Carethers et al. untersuchten in einer retrospektiven Studie 204 Patienten der Stadien II
und III, von denen 32% adjuvant chemotherapiert wurden (Carethers et al., 2004). Auch
in dieser Studie konnte der Vorteil einer 5-FU-basierten Chemotherapie nur für MSI-Hnegative Patienten festgestellt werden (p=0.0478). Ein positiver MS-Status brachte
weder mit (p=0.74) noch ohne (p=0.998) Chemotherapie einen Überlebensvorteil ein.
Ebenso wenig konnte eine Studie von Barratt et al. einen signifikanten prognostischen
49
Vorteil für MSI-H-positive Tumoren beobachten (Barratt et al., 2002). Unter 368 Patienten des Stadiums II und III wurde weder für Patienten mit postoperativer Portalvenen-5-FU-Infusion (p=0.54) noch für Patienten ohne diese Therapie (p=0.35) eine bessere Prognose gegenüber den MSI-H-negativen Patienten festgestellt. Hierbei ist allerdings die besondere Applikationsform der Chemotherapie zu beachten.
Eine retrospektive Studie von Halling et al. untersuchte Tumormaterial von 508 Patienten des Stadiums II und III (Halling et al., 1999). Das Material stammte aus 7 verschiedenen Chemotherapie-Studien. Etwa 44% der Patienten bekamen eine 5-FU-haltige
Chemotherapie verabreicht. MSI-H-positive Tumoren wiesen unabhängig von der
Chemotherapie eine signifikant höhere 5-Jahres-Überlebensrate auf als MSS-Tumoren
(76% vs. 63%, p=0.02) und zeigten ebenso eine signifikante Beziehung zur rezidivfreien Überlebenszeit (79% vs. 60%, p=0.01). Speziell für die Chemotherapie ließ sich aber
kein Nutzen für MSI-H-positive Patienten erkennen. Die Autoren weisen auf eine vorsichtige Handhabung letzterer Ergebnisse hin, da die Patienten mit einer Reihe unterschiedlicher Behandlungen über einen Zeitraum von 13 Jahren therapiert worden sind.
Dies entspräche nicht der idealen Vorgehensweise, um den prognostischen Wert von
Markern nach einer Therapie zu testen.
5.2.2
Palliative Therapie - Stadium IV
In der vorliegenden Arbeit konnte eine Prognoseverbesserung für MSI-H-positive Patienten gegenüber MSI-H-negativen Patienten nicht belegt werden. Aufgrund mangelnder Fallzahl war für die MSI-H-positiven Patienten statistisch kein Median zu ermitteln.

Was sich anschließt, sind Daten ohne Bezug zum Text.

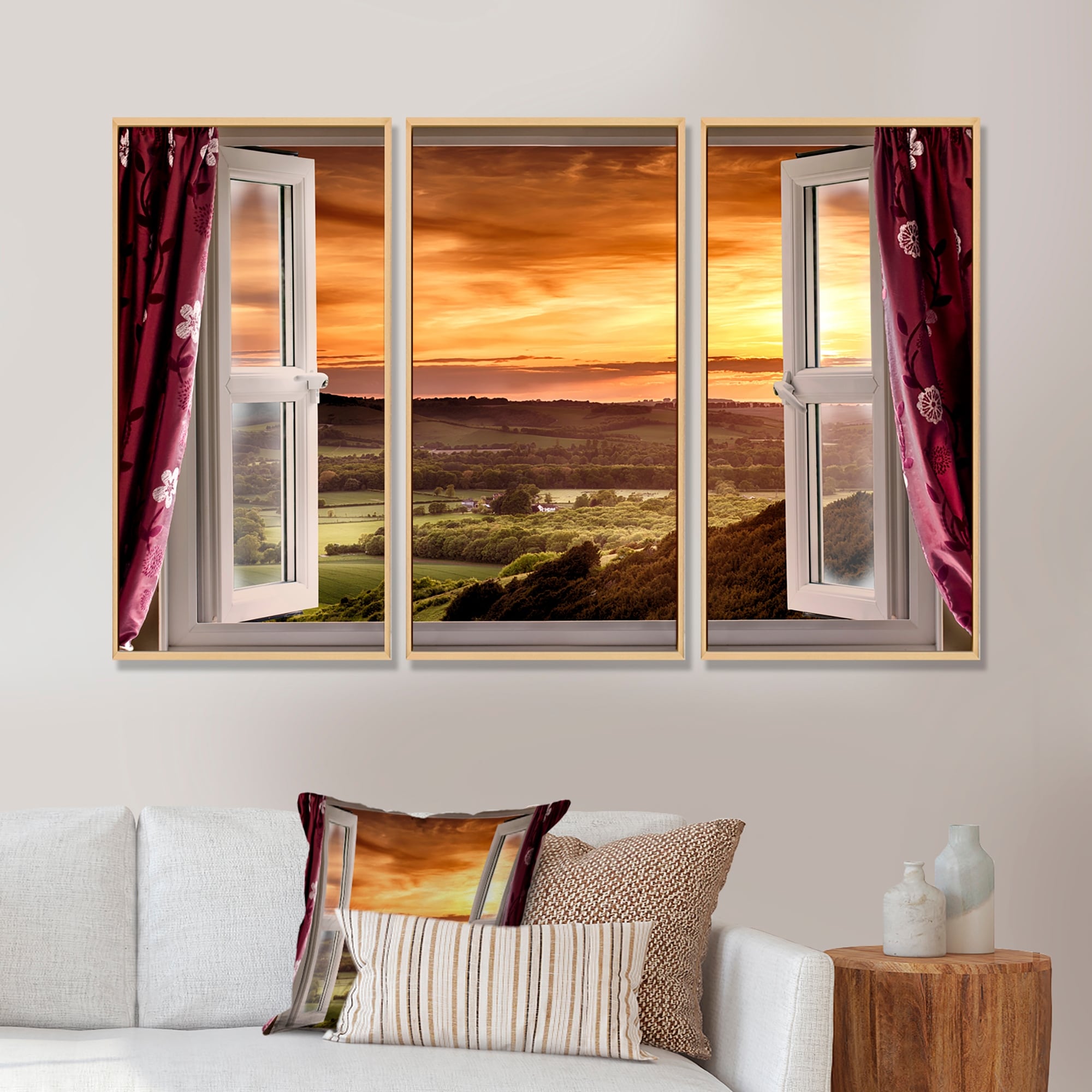 Designart "Open Window to Rural Landscape" Landscape Framed Wall Decor Set of 3 - 4 Colors of Frames

Das Gesamtüberleben (n Monate vs. 18,5 Monate, p=0.4168) sowie auch das progressionsfreie Überleben (n Monate vs. 10,5 Monate, p=0.8303) standen in keinem signifikanten Zusammenhang zum MS-Status. Dagegen zeigten chemotherapierte MSI-H-positive
Tumoren gegenüber den MSI-H-negativen Tumoren zum Zeitpunkt der ersten Remissionsbeurteilung hinsichtlich der Rückläufigkeit bzw. Stabilität (CR+PR+SD) (50% vs.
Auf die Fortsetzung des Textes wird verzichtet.